Psychiatry
Why We Can’t Help Many of the Mentally Ill
The importance of psychiatric advance directives.
Posted September 20, 2023 Reviewed by Lybi Ma
Key points
- Many people in crisis simply refuse psychiatric care.
- Patient autonomy and laws governing involuntary psychiatric hospitalization limit treatment options.
- Psychiatric advance directives constitute a step that ensures patients’ rights to effective care.
By Joseph P. Merlino, MD, MPA, member of the Committee on Religion at the Group for the Advancement of Psychiatry
The parents of a seriously mentally ill adult child recently wrote to me, “The mental health law regime is forcing us to watch our son effectively kill himself. He is a college graduate (or would be if he completed paperwork for his degree), intelligent, talented, and, when on medication, sober, charming, funny, and a lovely person.
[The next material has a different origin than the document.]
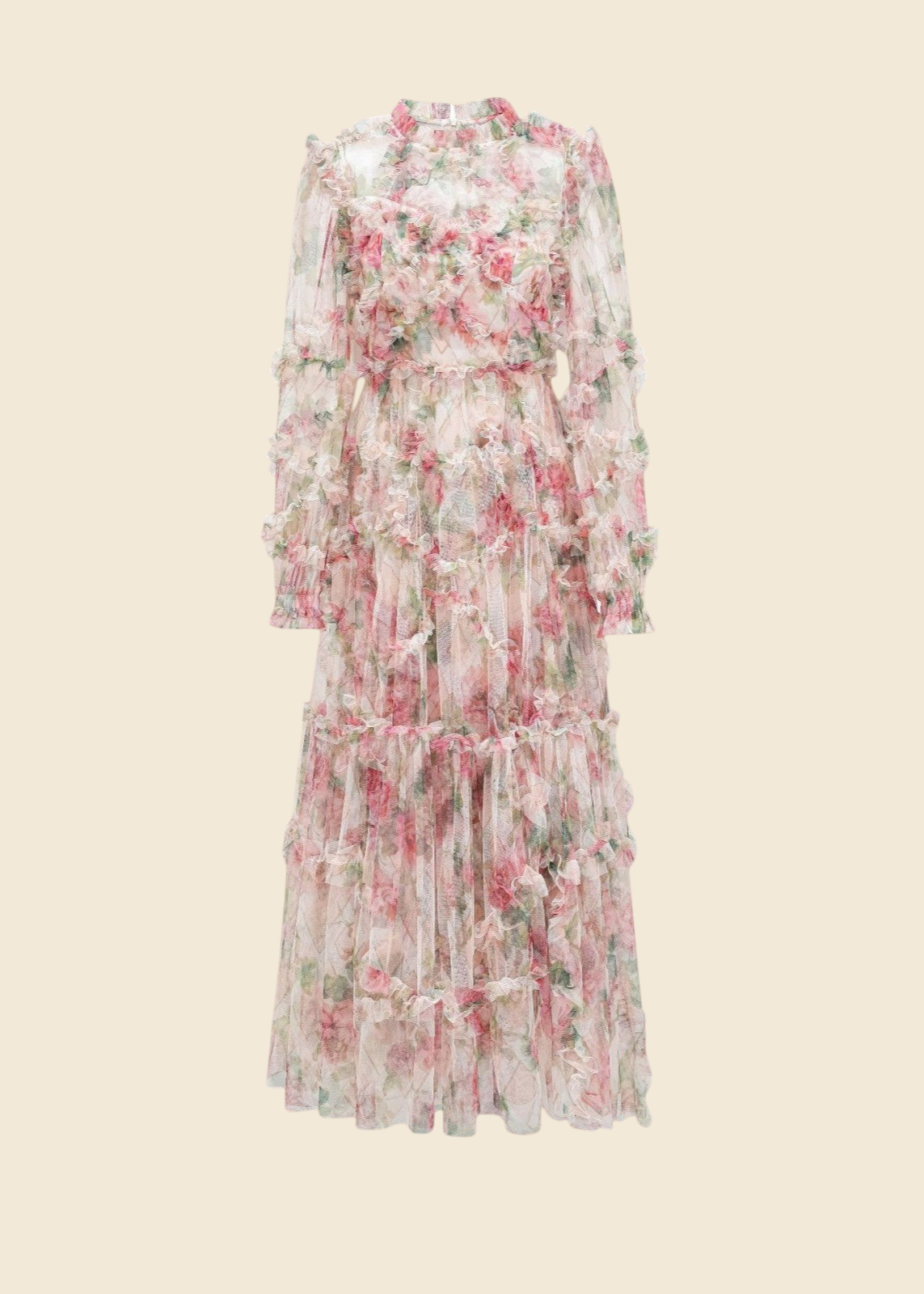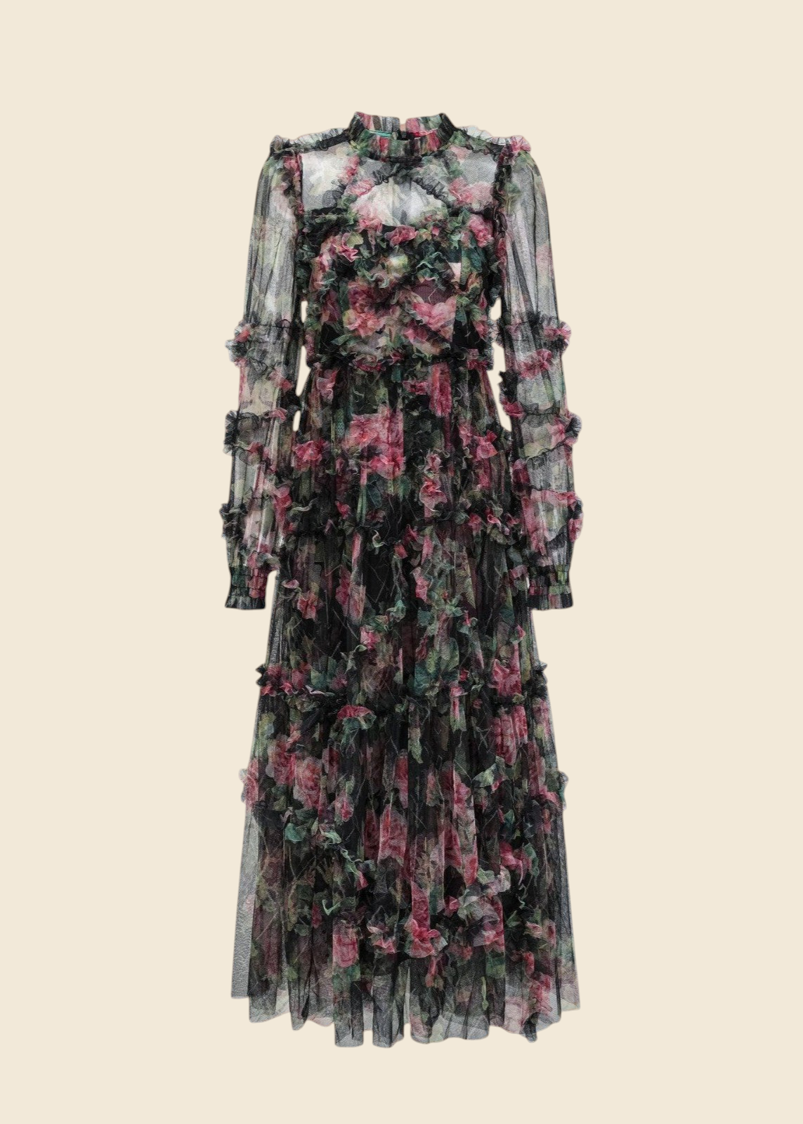 Ethereal maxi gown designed to capture feminine elegance. Featuring soft ruffles, sheer mesh sleeves, and a high neckline that exudes timeless romance and grace.

The putative freedom to suffer from a chronic mental illness is not autonomy.” Their son, they wrote, “suffers from depression and a suspected bipolar disorder, along with the attendant drug abuse.”
Sadly, the experience of this family is not unique as frontline psychiatrists are too often unable to treat many patients in psychiatric crises resulting from mental illness or substance use.
Why can’t the mentally ill who are in crisis be taken to hospitals and be treated? Simply stated, many just say they don’t want to be treated. Their wishes must be respected because:
- the ethical mandate of patient autonomy
- laws governing involuntary psychiatric hospitalization that limit such confinement to individuals presenting as an imminent threat to self or others
This issue also affects the crisis of homelessness in the country. The Department of Housing and Urban Development counted around 582,000 Americans experiencing homelessness in 2022. About one-third of people who are chronically homeless have mental health conditions. About 50 percent have co-occurring substance use problems.
The best and most effective medical treatments available are useless to someone in the throes of psychosis when they refuse lifesaving care. Given the chronicity and severity of this problem, many tried and failed approaches to this problem need to be rethought.
Psychiatric Advance Directives
One way to address this problem is for a large-scale public campaign to educate the public, patients, and mental health providers about psychiatric advance directives, PAD, a step that actually ensures patients’ rights.
In a 2021 publication entitled Implementing Psychiatric Advance Directives: The Transmitter and Receiver Problem and the Neglected Right to Be Deemed Incapable, the authors noted, “A serious investment by clinicians and health care systems to widely implement PADs could significantly improve the treatment process for psychiatric patients who experience incapacitating crises.”
The goal is to document the patient’s wishes about treatment when they are competent, and not in crisis. For PADs to be useful and effective, the healthcare agent, acting in accordance with the patient’s wishes while competent, must prevail, even over the objections of the patient when not competent due to mental illness.
Unfortunately, psychiatrists, by and large, are not at all familiar with PADs. They are rarely used and when they are, they are more often used by patient advocates seeking to deny the most effective treatments on behalf of their clients during a mental health crisis.
PADs are medical advance directives like healthcare proxies and living wills—legally binding documents (although laws about them differ from state to state) that protect one’s rights as a patient. They indicate what one’s treatment choices are in advance of when one might not be able to make them oneself due to incapacitating illness and include the use of psychiatric medication and hospitalization.
The Problem
Psychiatrists working in emergency settings all too often are asked to evaluate people brought in by families or police in the midst of having a psychotic episode but who refuse care. If they are not thought to be an immediate danger to themselves or others, they are discharged to live on the street and to fare as best they can to survive.
Yet, many of these people would do so much better if they were effectively treated, and potentially able to resume their lives with family in the community, as noted above. For example, patients diagnosed with bipolar disorder. when stable and receiving treatment, can be gainfully employed and live with or near family members. However, when in the midst of a manic episode, they can lose their jobs and deplete their family’s savings. Most significantly, when severely depressed, they may take their own lives, leaving families behind to grieve and mourn.
Why have PADs not taken hold like their medical counterparts? There are several implementation problems involved in the successful use of PADs, many having to do with communication and practice.
A concerted push to educate mental health care providers could go a long way towards making the PAD as intrinsic to healthcare as the medical healthcare proxy and living will are. Some steps that can be quickly and easily taken include teaching about the use of PADs in psychiatric residency and other mental health professional training programs. Additional steps could include patient education about PADs during psychiatric hospital discharge planning and during outpatient mental health treatment. Healthcare organizations can include questions and information about PADs just as with other kinds of medical advance directives.